Clear and Convincing Evidence is Required to Rebut a Presumption of Gift From Parent to Child

Bhagat v. Bhagat, 217 N.J. 22 (2014). A father transferred stock in a close corporation to his son. Such transfers from parent to child are generally presumed to be gifts, unless the presumption is rebutted. The issue in this appeal, which proceeded from cross-motions for summary judgment, was what level of proof is required to rebut the presumption and whether judicial estoppel applied to bar the son’s assertion that this was a gift. In a unanimous opinion by Judge Cuff, the Court ruled that judicial estoppel was unavailable, the clear and convincing standard of proof applied, and that cross-motions for summary judgment should have been denied.

Judge Cuff addressed the judicial estoppel issue first. In a prior intra-family lawsuit that was ultimately resolved by settlement, the son took a position that was argued to have created a judicial estoppel that barred him from asserting here that the stock was a gift. After exhaustively discussing the background principles of judicial estoppel, Judge Cuff found judicial estoppel inapplicable. “[T]he doctrine is not invoked unless a court has accepted the previously advanced inconsistent position and the party advancing the inconsistent position prevails in the earlier litigation. Stated differently, the doctrine does not apply when the matter settles prior to judgment because no court has accepted the position advanced in the earlier litigation.”

With that preliminary issue disposed of, Judge Cuff turned to the standard of proof necessary to rebut the presumption of gift.
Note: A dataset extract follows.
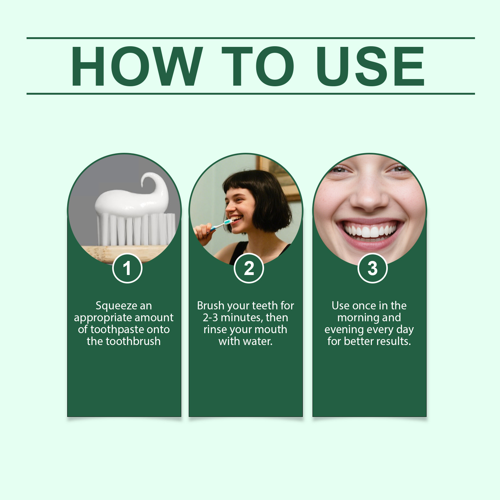 我们的草本清新牙膏,由薄荷提取物、小苏打精心调配而成。专为提亮牙齿的颜色设计。使用方法极为便捷:在牙刷上挤出适量的牙膏。刷牙2-3分钟,然后用清水漱口。每天早晚各使用一次,以获得更好的效果。并且可以长时间保持口腔清新。
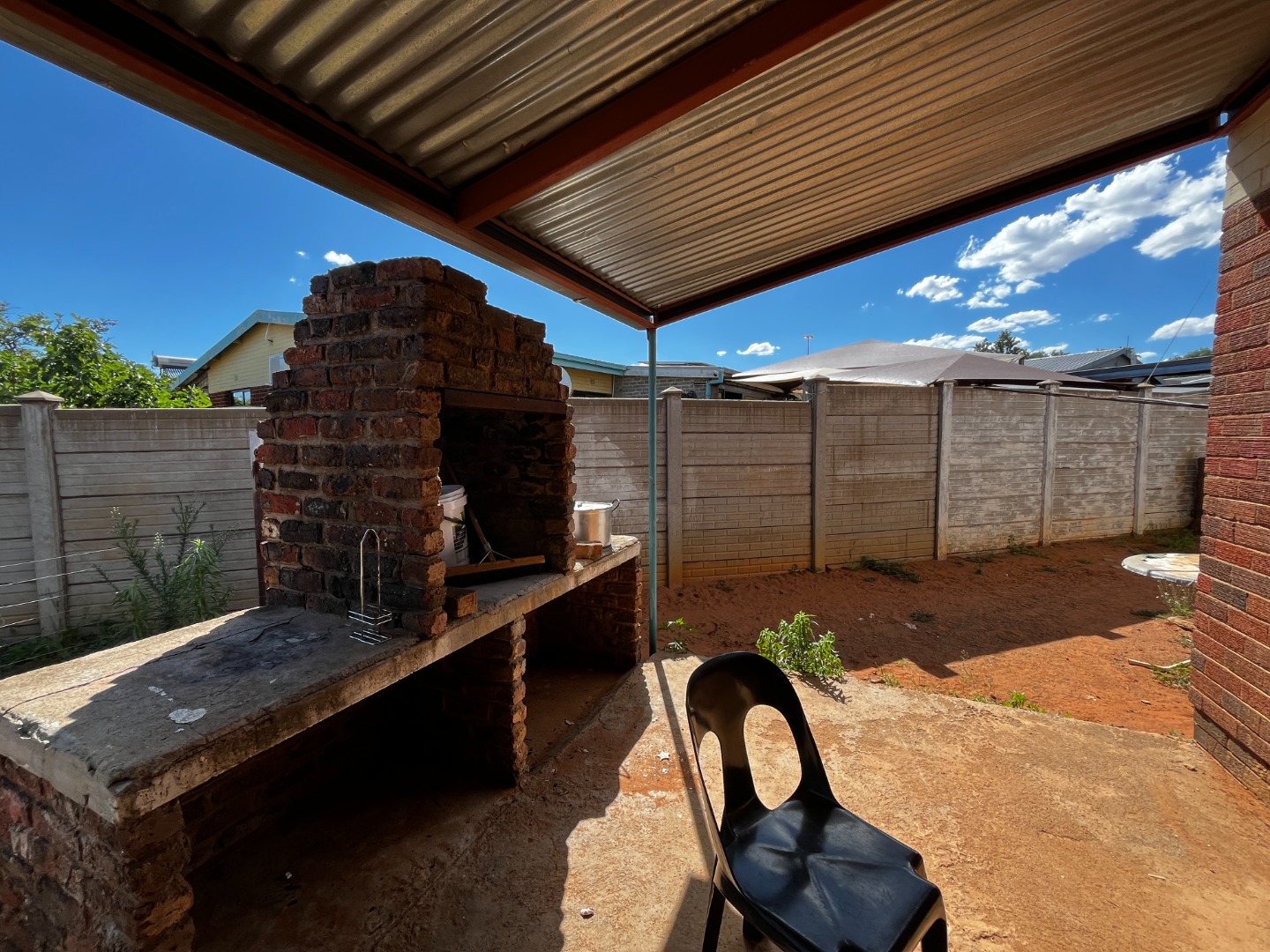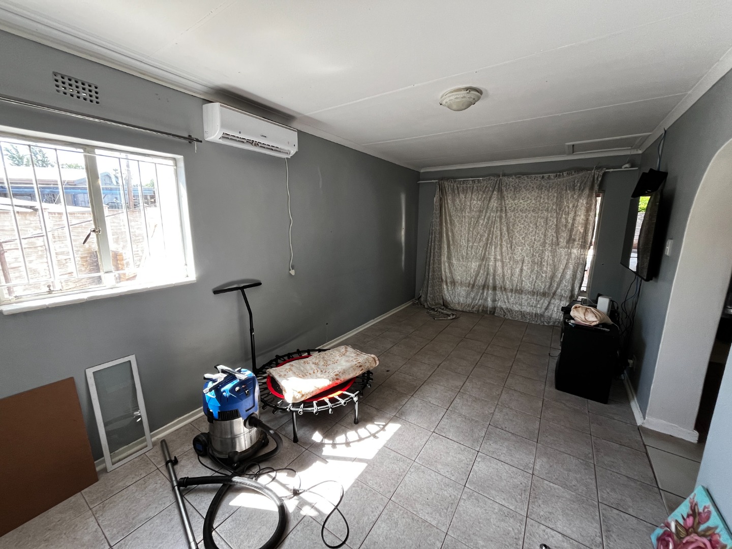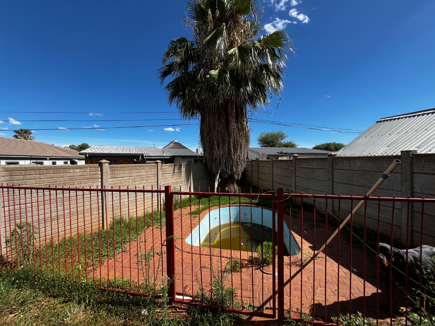 Outside, the property has a refreshing swimming pool, perfect for relaxation and entertaining. The large paved areas around the home ensure low maintenance, while the single garage and two additional parking spaces cater to all your vehicle needs. Security is enhanced with burglar bars on windows, offering peace of mind for residents.

She carefully canvassed decisions going back as far as 1857, and noted that those cases endorsed a level of proof that is “convincing and leave[s] no reasonable doubt,” a test that confusingly incorporates “elements of the clear and convincing standard and the beyond a reasonable doubt standard.” Moreover, terms such as “cogent,” “certain,” and “definite” crept into the caselaw on this test as well.

Judge Cuff found that “the standard has been understood as, and should be, clear and convincing. We view the other language used in the cases as simply an attempt to describe the quality of evidence, e.g., clear, cogent, certain, and definite, that will satisfy the clear and convincing standard of proof.” The “no reasonable doubt” test, “which applies in no other civil setting in this state,” has no place in the analysis regarding rebuttal of the presumption of gift. Applying that test, the Court found material issues of fact sufficient to call for the denial of summary judgment.

This case contains an extremely useful summary of the law of gifts, a detailed discussion of judicial estoppel, and a careful explanation of the rationale for the clear and convincing standard in this particular context. It is well worth reading and absorbing.